=== YOUR ASSIGNMENT ===
From the first line to the last, set down the material exactly, leaving out its pictures.

=== AVAILABLE DATA ===
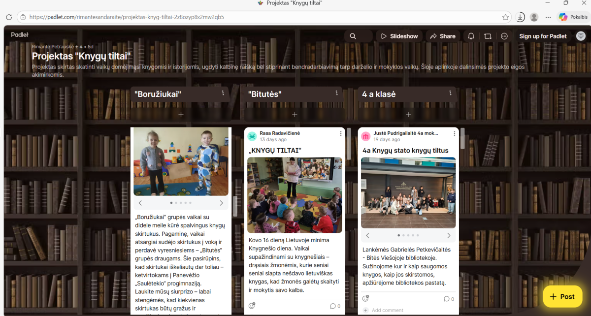 2026 m. kovo 16 d. – balandžio 3 d. vyko projektas „Knygų tiltai“, kurį organizavo Šiaulių lopšelio-darželio ikimokyklinio ugdymo mokytojos Rasa Radavičienė, Dalia Kazlauskienė, Lina Šaltmėrytė, ikimokyklinio ugdymo mokytoja-specialioji pedagogė Rimantė Petrauskė, logopedė-specialioji pedagogė Deimantė Šniukaitė bei Panevėžio „Saulėtekio“ progimnazijos pradinių klasių mokytoja Justė Pudrigailaitė.
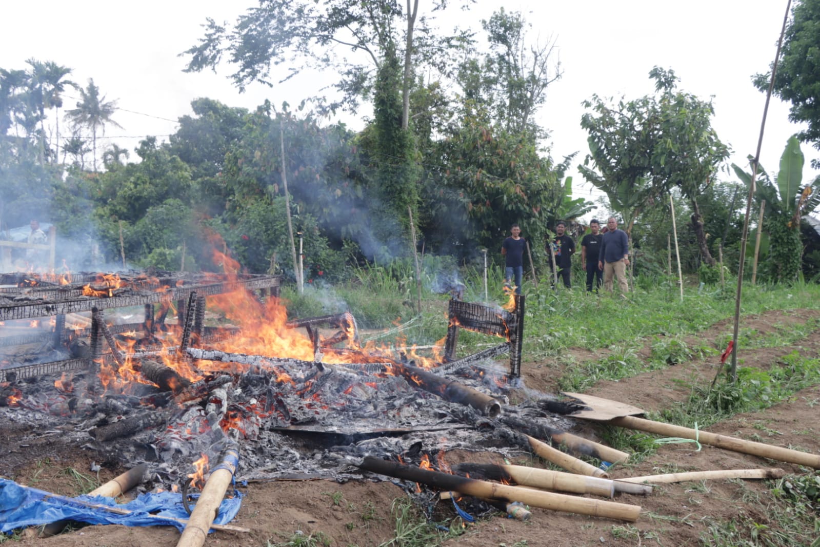 Di lokasi tersebut, ditemukan sejumlah barang bukti berupa plastik klip diduga sisa narkotika jenis sabu serta alat hisap (bong), yang menguatkan dugaan aktivitas ilegal di kawasan tersebut. Satu unit mesin ikan ikan juga ditemukan, yang disembunyikan diperladangan tersebut.
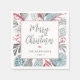 Le design moderne présente une verdure de Noël fantasque autour de la serviette en papier recouverte d'une boîte blanche. Joyeux Noël en écriture calligraphie lettrage et nom de famille, date en police moderne.
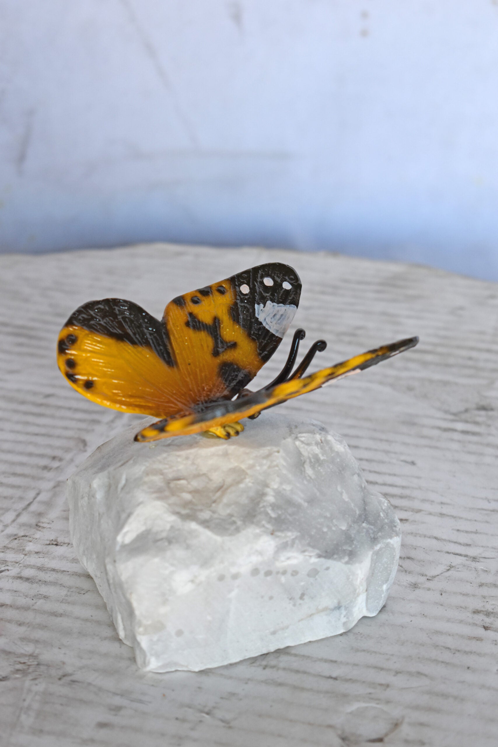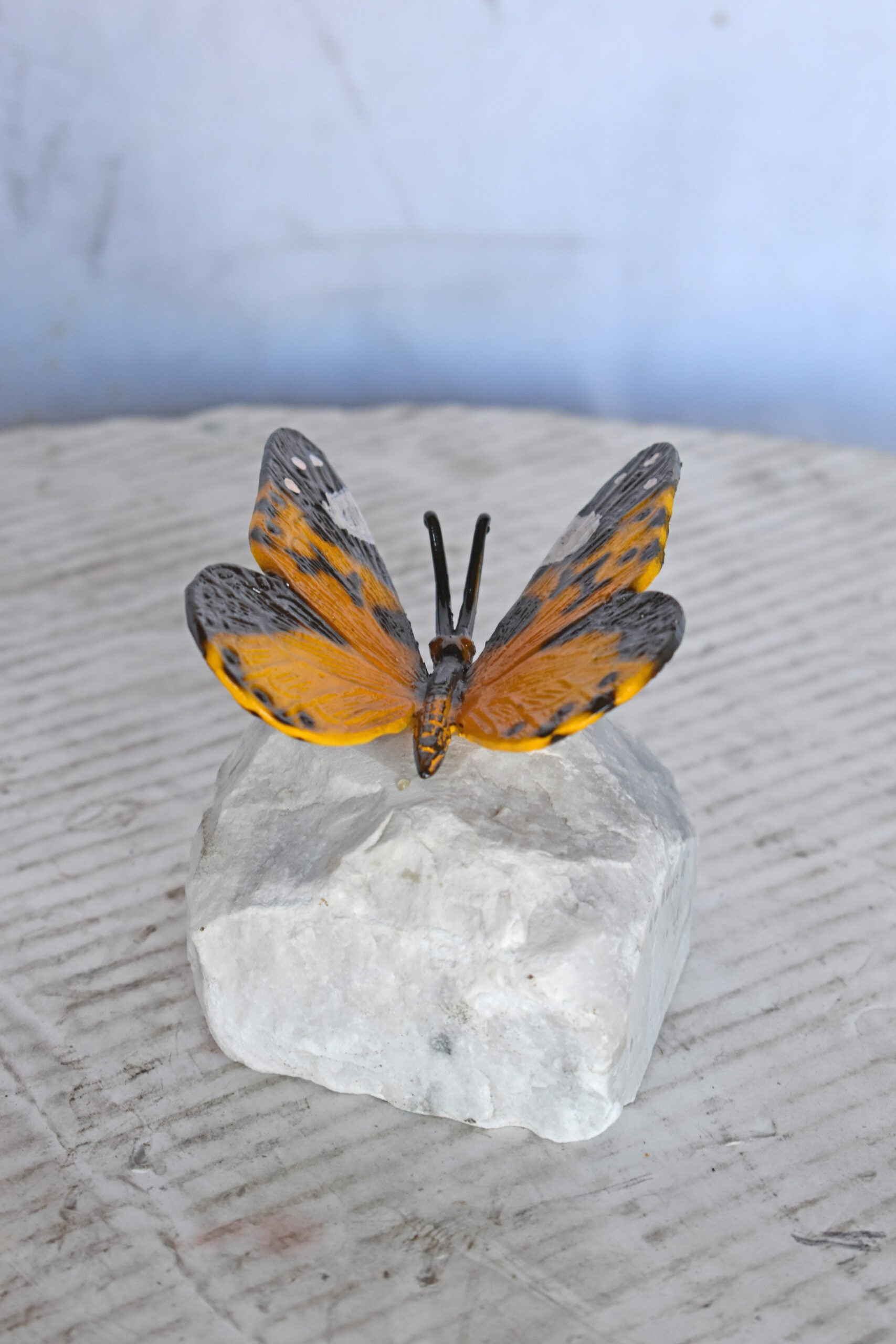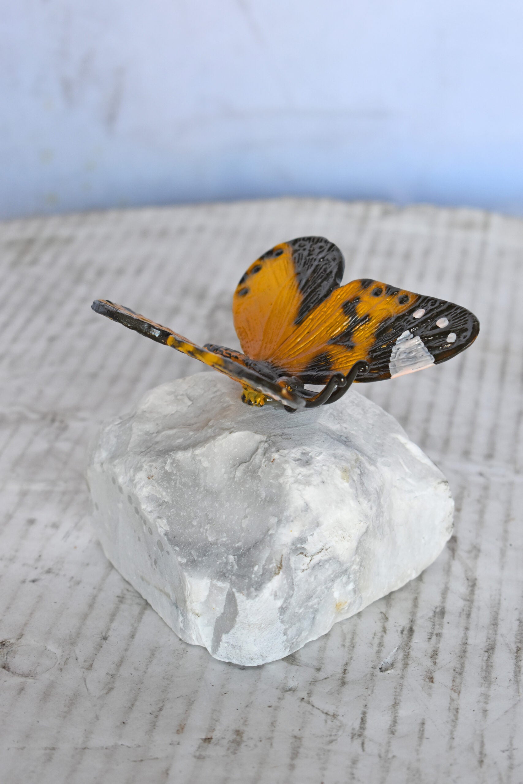 Orange Butterfly made of Bronze mounted on a rock - Size: 5"L x 5"W x 4"H.

=== WRITTEN SOLUTION ===
 2026 m. kovo 16 d. – balandžio 3 d. vyko projektas „Knygų tiltai“, kurį organizavo Šiaulių lopšelio-darželio ikimokyklinio ugdymo mokytojos Rasa Radavičienė, Dalia Kazlauskienė, Lina Šaltmėrytė, ikimokyklinio ugdymo mokytoja-specialioji pedagogė Rimantė Petrauskė, logopedė-specialioji pedagogė Deimantė Šniukaitė bei Panevėžio „Saulėtekio“ progimnazijos pradinių klasių mokytoja Justė Pudrigailaitė.
 Di lokasi tersebut, ditemukan sejumlah barang bukti berupa plastik klip diduga sisa narkotika jenis sabu serta alat hisap (bong), yang menguatkan dugaan aktivitas ilegal di kawasan tersebut. Satu unit mesin ikan ikan juga ditemukan, yang disembunyikan diperladangan tersebut.
 Le design moderne présente une verdure de Noël fantasque autour de la serviette en papier recouverte d'une boîte blanche. Joyeux Noël en écriture calligraphie lettrage et nom de famille, date en police moderne.
 Orange Butterfly made of Bronze mounted on a rock - Size: 5"L x 5"W x 4"H.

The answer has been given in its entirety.